Indian lawyer (born 1977)

Zulfiquar Memon (born 5 December 1977) is an Indian lawyer and the founder and managing partner of MZM Legal.

==Early life and education==
Zulfiquar was born in Mumbai. Zulfiquar is the son of criminal lawyer and EX-Member of Parliament of India, A. Majeed Memon. Zulfiquar joined Government Law College, Mumbai in 1995 but left the law school to pursue international trade and commerce.

Zulfiqar eventually finished his degree from Pune University in 2005 and in the same year he founded MZM Legal.

== Legal career ==
Zulfiquar assisted his father, A. Majeed Memon in the Nadeem Saifee Extradition, which was won in the Bow Street Magistrate's Court in London followed by the appeal in the High Court and the House of Lords.

Zulfiquar founded MZM legal in 2005. Some of his clients are Standard Chartered Bank, ICICI Bank, Kotak Bank, The Netherland-based Prins Autogassystemen BV, Singapore based Global Schools, Tarun Tejpal, M Pallonji and Co., MF Hussain foundation, Kuwaiti Royal family, Punj Lyod, Essar Group, United Phosphorus Limited (UPL), Tata Trusts and Tata Sons. Zulfiquar has represented individuals like Rakesh Wadhawan and Sarang Wadhawan, Nirav Modi, Mehul Choksi, Dinesh Pandey—Bike Bot Scam, Airbus investigation, and Rashesh Shah—Edelweiss. Zulfiquar also closely works with large private banks on compliance issues.

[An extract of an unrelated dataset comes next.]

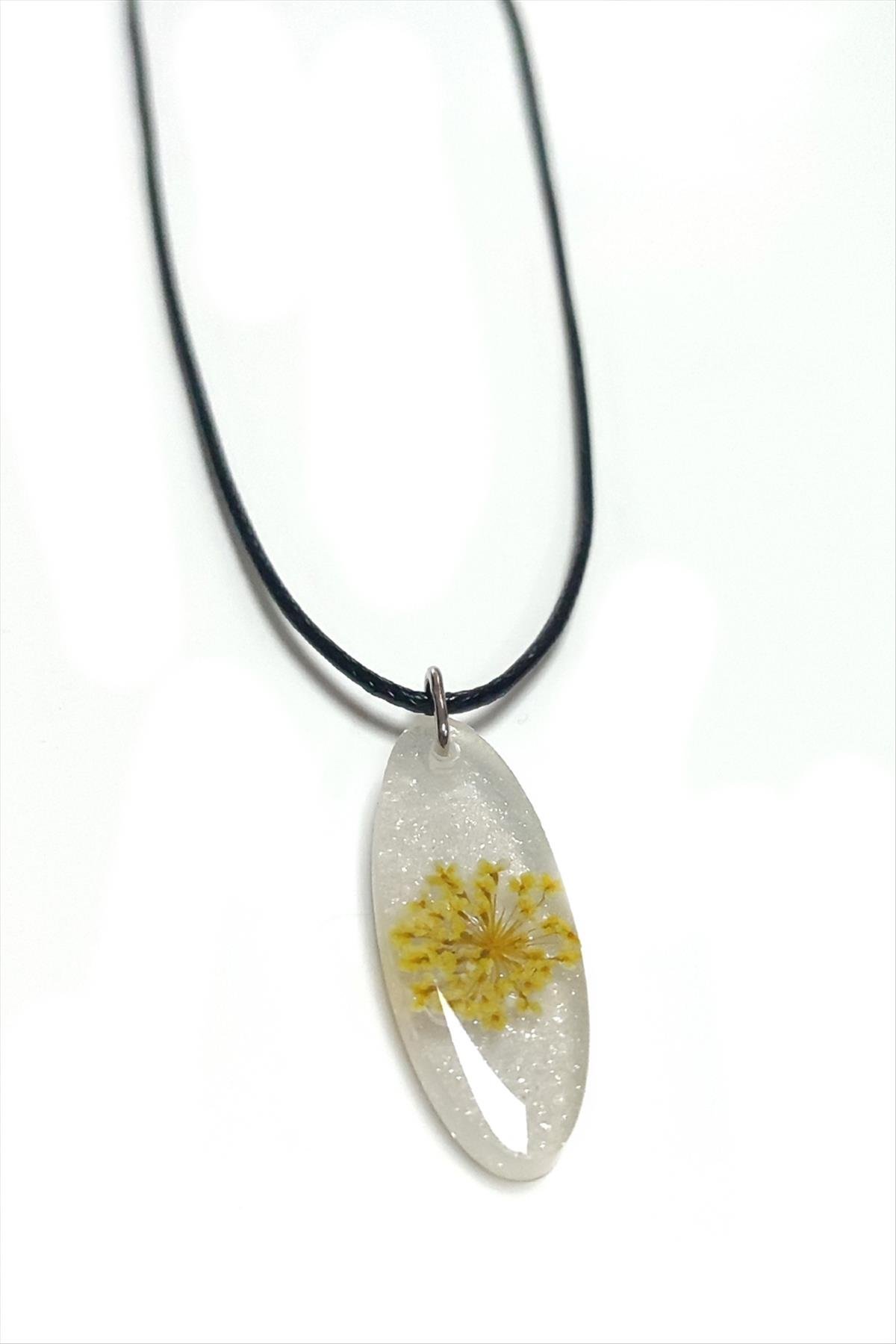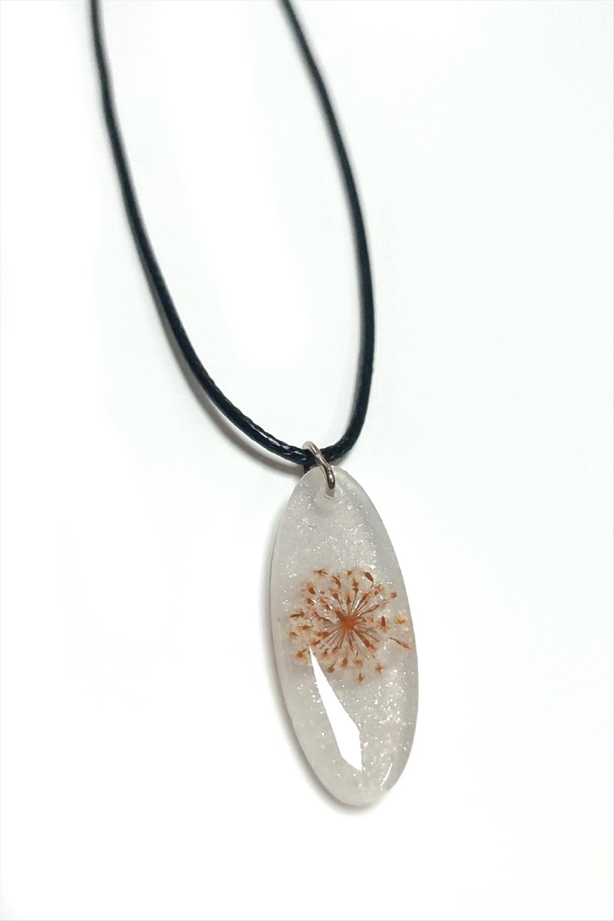 Sultanotu Çiçeği Oval Epoksi Kolye-Beyaz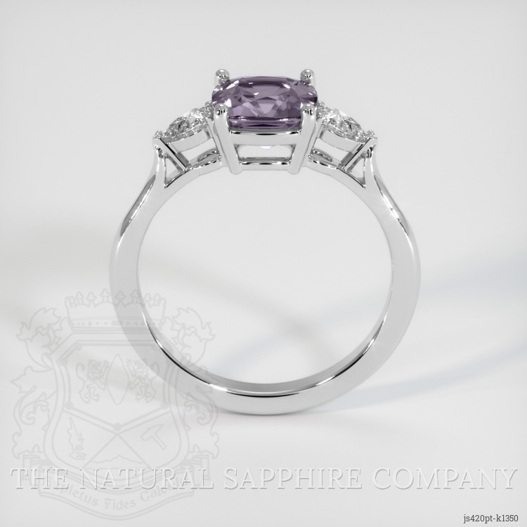 The ring features a beautiful, transparent 1.52 carat cushion shape purple spinel with the dimensions of 6.90 x 6.86 x 4.44 mm and a mixed brilliant cut. It has a clarity grade of very slightly included (evaluated at eye level), medium intense color saturation, and an excellent polish. The origin of this spinel is Tanzania.

He is currently a member of the International Bar Association, London Court of International Arbitration and International Chambers of Commerce (ICC). He is a member of the International Forbes Business Council, Young President's Organisation (YPO) and Entrepreneur's Organisation (EO).

== Accolades ==
Zulfiquar has been consistently ranked among the top individuals in India in the field of "White-Collar Crime" by Chambers & Partners.